I do try not make the parallels clear. I feel it's jarring if someone can say, "Hang on, this happened in Spain in the 17th Century!". The material I'm currently studying in a History module, for instance, concerning the Wars of Religion in France, likely won't be identifiable when it appears in the game. But it will appear - though probably separated into distinct pieces, with a weak monarchy there, rapid switching of allegiances over here, and maybe two enemies with the same name in an entirely different campaign.

There's also the observation that if you put the events of real history into a game, stripped of the national identifiers and half-known narratives that surround them, players might well refuse to accept that NPCs could be that stupid, arrogant, or evil, and go looking for the demons or compulsions that are clearly behind such actions.

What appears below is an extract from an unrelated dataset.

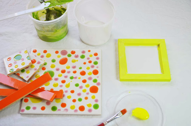 Materiales: posavasos de fibro fácil, azulejos decorados y lisos, pintura acrílica fluo, cola vinílica y pastina.

Likewise, this year's entire sociology module will reappear at some stage, chopped up and made into a sort of narrative soup. Hegemonic ideas have already made an appearance; that was too juicy a concept not to press into immediate use. Effects on societies of inequality will be another one; I've already done a lot of thinking about the effects on human societies of long-lived elves and dragons, and how those creatures' societies would handle, say, inheritance.

News and current events are an obvious thing to add to the mix. I keep notes for myself; abstracted out so that I don't connect them with the real events, and look back on them every couple of years for stuff to include. I don't know where "weak leader establishes power-base by clever use of gutter journalism" came from, nor "personal beliefs cause rift between politically aligned families". But they're good things to integrate into a game world.

I've done a lot of reading in geography and economics over the years, and that turns up in the games too. Climate science, chaos theory, causality, all those are elements from the pages of New Scientist and Focus that have landed here and there.

I can tell reality from fantasy perfectly well. But I get great entertainment out of bringing one into the other anyway.